A research team in Sweden has identified an enzyme whose production is turned off in nerve cells of the brain’s frontal lobe when addictive dependence develops. The deficiency in this enzyme leads to continued use of addictive substances such as alcohol despite adverse consequences. The new discovery could mean completely new possibilities for treating alcoholism and other addictions.
The enzyme, PRDM2, has previously been studied in cancer research, but researchers did not know about its function in the brain. It has long been suspected that people with alcohol dependence and other addiction illnesses have impaired function in the frontal lobes of the brain, but the underlying biological mechanisms were not known.

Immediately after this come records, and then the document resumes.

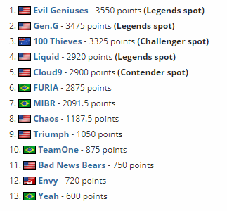 目前北美RMR积分榜依旧由3550分的EG战队领跑,紧随其后的是GenG与100 Thieves,由于Liquid之前发生了选手变动因此损失370分跌落第四,仅仅领先第五名的Cloud9二十分。紧随其后的黑豹FUIRA能否逆转乾坤,就要看本次赛事的发挥与表现了。至于第七名的MIBR想要晋级,或许只有奇迹发生,毕竟2091分与之前差距实在过大。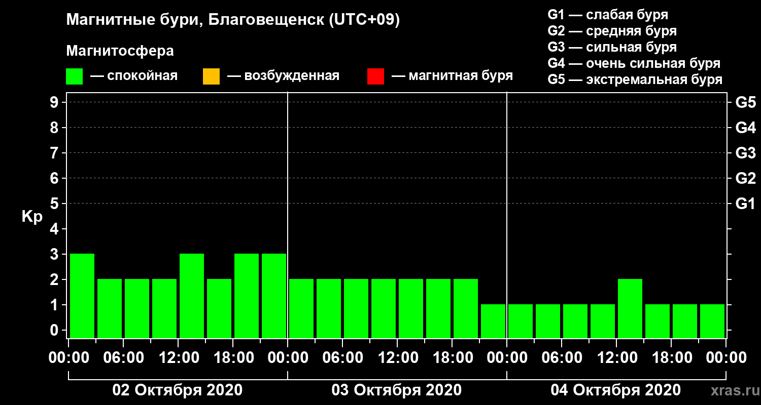 Магнитные бури в Благовещенске 4 октября 2020 года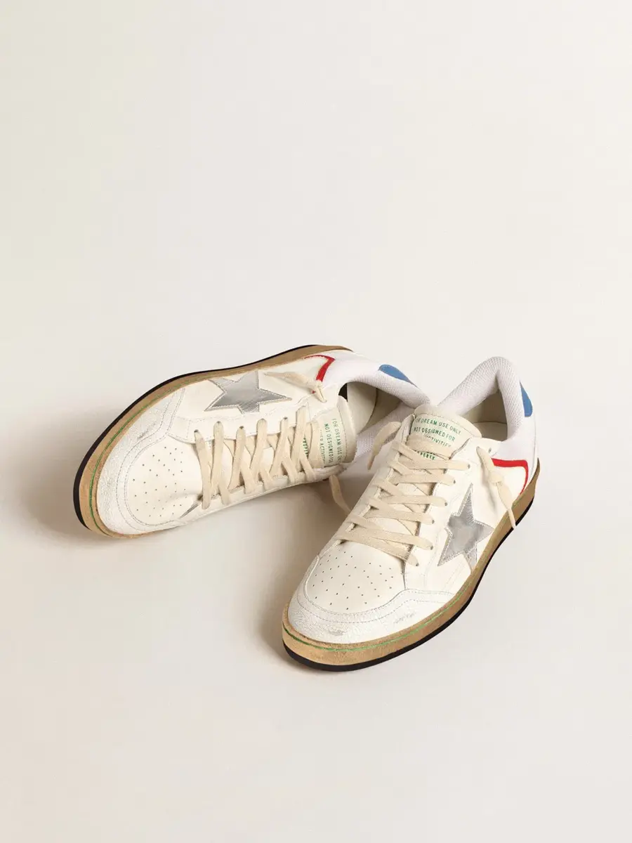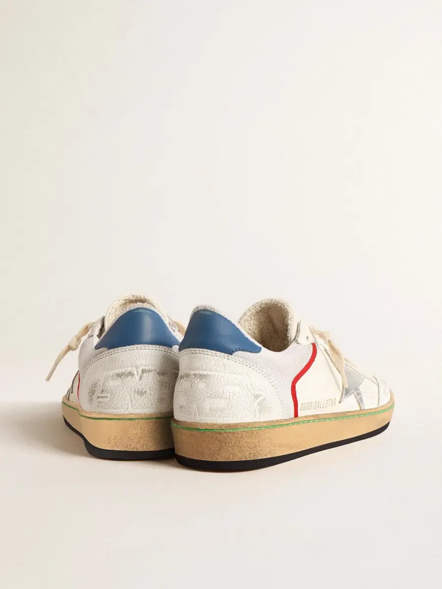 Soñando con los años ochenta. Nuestras zapatillas Ball Star tienen un aire universitario americano, a caballo entre el baloncesto y el skate. Este modelo, con parte superior de piel napa blanca y malla, cuenta con una estrella de piel metalizada plateada y una lengüeta trasera de piel azul. Los insertos de piel craquelada blanca, los detalles rojos y los cordones beige añaden el toque final: cosas bonitas que nunca pasan de moda.

If the brain’s frontal function is impaired, it is difficult for us to control our impulses. A person with intact impulse control can walk past a bar on a warm day and think, 'A beer would be nice, but I cannot have one now because I have to get back to work'. An alcoholic does not have sufficient impulse control to refrain, and instead thinks 'It's hot, I'm thirsty and I need that drink'.
PRDM2 controls the expression of several genes that are necessary for effective signaling between nerve cells. When too little enzyme is produced, no effective signals are sent from the cells that are supposed to stop the impulse caused by an addiction.
Researchers found that by developing alcohol dependence in rats there was a down-regulation of PRDM2 production, which in turn led to disruption of impulse control. The rats continued to consume alcohol, even when it is unpleasant. Moreover, when the rats were subjected to stress, they were found to quickly relapse into drinking alcohol. Researchers then knocked out the production of PRDM2 in the frontal lobes of rats that were not dependent, and they again observed that impulse control was disrupted.
Now that we are beginning to understand what is happening, we hope we will also be able to intervene and contribute to developing effective treatments for addictions.